If data was already given in clean RDF there was less need to define APs, the hard cases are elsewhere.

kcoyle commented 5 years ago

@nichtich I don't see "entities" as "records" - in RDF terms, they might be graphs (in ShEx terms they might be "shapes"), that is, a set of properties with a common subject. A metadata "record" (which is approximately what the Description Set describes) could have multiple entities within it, such as document, person, publisher. Each of those would be described with properties. As for "subfields, lists, hierarchies" these are types of values that one should be able to express, and I don't see any real problem with them:

depending on your metadata model, a name value could be a string with some subfield encoding (as in MARC or ISBD), or it could be a graph with properties (name graph with given and surname properties)
lists can be structural arrays or could be comma-delimited strings (which can be included in tabular data) - how this works depends on your schema language
to qualify a value you either define a string that can contain elements like "circa", you use a standard that includes that in its encoding, or you define a graph that has a date and a qualifier (in the spirit of SKOSXL - saying things about strings)

I would be interested to hear why you think what has been said so far does not include these capabilities, because I never thought they would be excluded.

analice1pt commented 5 years ago

@kcoyle , I like your structure. I just don't like the term "Description Set Profile" because I think it is confusing if we take as a basis Heery and Patel's definition of AP (we will have to extend it, but the core is there) instead of the Singapore Framework (SF). So, I would just change one thing: instead of "A description set has one or more entity descriptions", I would put "An application profile has one or more entity descriptions", or something around that.

analice1pt commented 5 years ago

@nichtich , I agree we have to acknowledge that much of the data we'll be dealing with is tabular data. I also agree we'll have to deal with it in a different way than we deal with regular descritpions of "things" (e.g., I also don't like the repetition of the field/property). Maybe it's a good idea to describe the structure of the tabular data, like the approach of [1]. I don't know that specification, I've just browsed through it, but I think it is related to some of the issues you mention.

analice1pt commented 5 years ago

@nichtich , sorry, I forgot to add [1] - http://www.w3.org/TR/tabular-metadata/

tombaker commented 5 years ago

@analice1pt I note that the broader view of "application profile", as in Singapore Framework, is closer to the view currently under discussion in the W3C Data Exchange WG -- "application profile" as a cluster of related documents.
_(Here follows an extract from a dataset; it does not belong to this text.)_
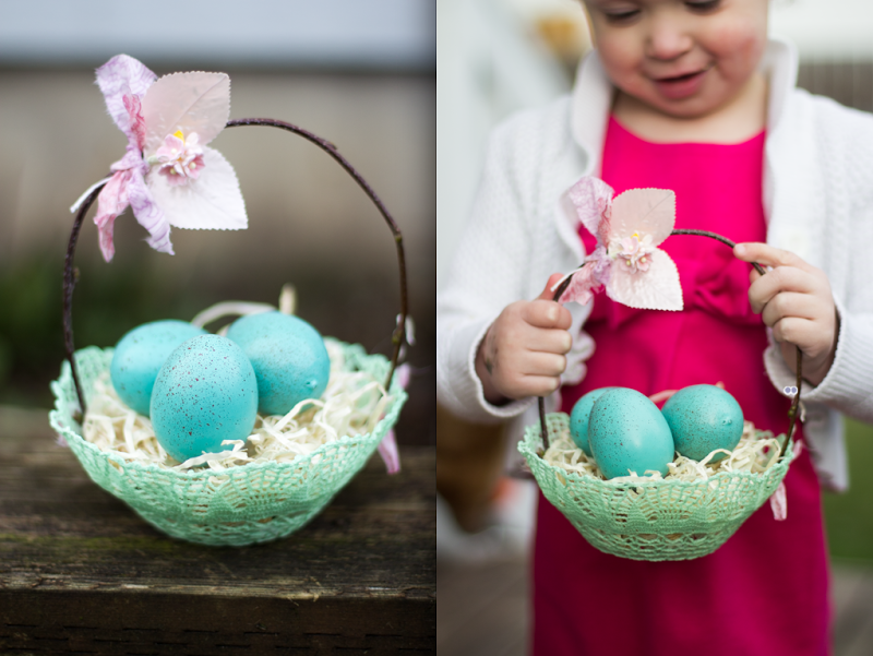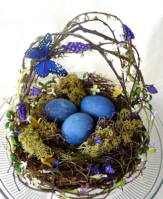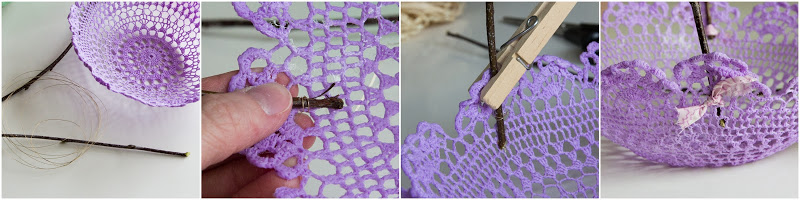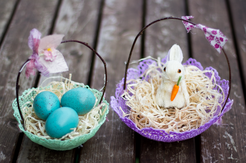 Вот такую оригинальную корзинку для яиц можно сделать за очень короткое время и без особых затрат. Все, что вам может понадобиться, это кружевная небольшая салфетка, клей ПВА, тарелка или пиала, веточка, с которой будет сделана ручка корзинки.

I really like Karen's proposal. To me, it follows more naturally to say that a Description Set is a set of Entity Descriptions that to say that an Application Profile is a set of Entity Descriptions.

analice1pt commented 5 years ago

@tombaker , I understand that but that is a perspective that is completely different from Heery and Patel's, which is, in my view, the one most used by the community. When people refer to AP, they are not thinking in a cluster of documents. If we do a quick scan over the literature we will notice that.

kcoyle commented 5 years ago

This is why we need to clarify our terms. I agree that when folks talk about "profiles" or "application profiles" they generally mean a main document that describes their selected terms, values, and rules. In fact the DSP is subtitled: "A constraint language for Dublin Core Application Profiles" even though it does not include all of the boxes of the AP levels of the Singapore Framework. I suppose you could argue that things like domain models and vocabularies (that's the SF term) are inherent in the DSP, but it's pretty telling that even there we find confusion between what is and what isn't included when we say "application profile."

By the way, I think that we can have a "constraint language for application profiles" and also have more than one document that supports an AP, kind of like the DXWG situation. Having an AP expressed in a constraint languges doesn't mean that you don't have other documents like primers, various serializations of your validation code (SHACL, ShEx) that are separate from the base document, etc.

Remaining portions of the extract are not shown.